Würde mich über Antworten freuen. 

MfG

BartholomO


----------



## pronde (11. Februar 2015)

Sieht danach aus als würde avast anfangen deine Festplatte zu Scannen (also nach Viren) hast du evtl. eingestellt dass er regelmäßig scannen soll?

Edit:

"Hallo,

ich würde empfehlen, die Bildschirmschoner Prüfung auf den betroffenen Rechnern zu deaktivieren. Es liegen uns auch vereinzelte Berichte vor, dass die Bildschirmschoner-Prüfung auf ein paar Systemen nicht endet, wenn der Bildschirmschoner unterbrochen wird."


----------



## BartholomO (12. Februar 2015)

Danke für die Antwort. Also die Bildschirmschoner Überprüfung werde ich mal deaktivieren (dort war die Endlosprüfung aktiviert), aber überprüft der den denn auch wenn ich komplett aktiv am PC arbeite? 

Bei dem Schutz habe ich den Dateisystem Schutz, den Mail Schutz und den Web Schutz an. Ob der PC immer mal wieder eine Automatische Virenüberprüfung macht konnte ich leider nicht schauen, habe keine Funktion gefunden.


----------



## pronde (16. Februar 2015)

Also der Scanner prüft wenn du immer aktiv bist meines Wissens nur neue Dateien. Die Bildschirmschoner Prüfung macht dann nochmal alle auch alten Dateien durch. Hat das ausschalten denn was gebracht?

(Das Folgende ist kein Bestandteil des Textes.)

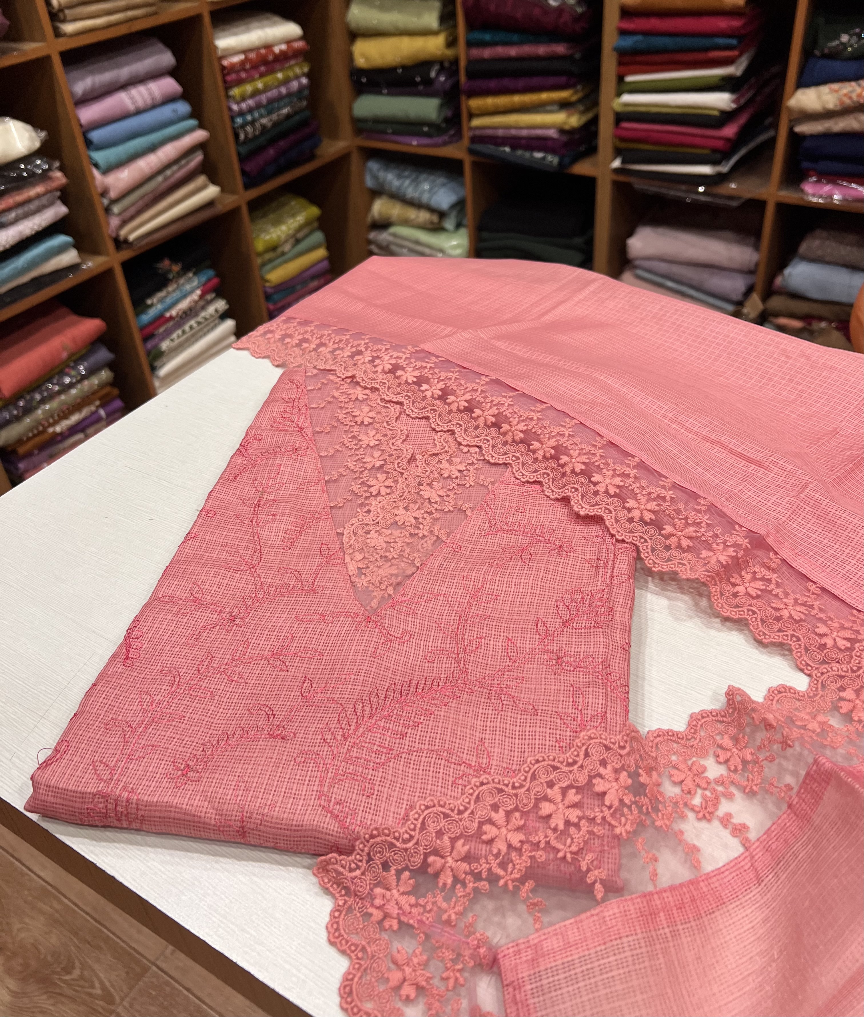EST34 Embroidered Kotta Top , Shantoon Bottom & Kotta Dupatta With Lace Borders - Copy 2

Das Problem ist ja das wenn er aktiv immer prüft der PC ausgelastet wird deswegen gibt ja den Modus mit Bildschirmschoner... Der aber wohl defekt ist


----------



## BartholomO (18. Februar 2015)

Also seitdem ich die Bildschirmschoner Überprüfung deaktiviert habe ist der Fehler nicht mehr aufgetreten, also denke ich das alles wieder passt, danke für die Hilfe . Hoffe nur dass die Entwickler das in Zukunft fixen, ist ja schon ein größerer Fehler, gerade wenn den Fehler mehrere Leute haben.


----------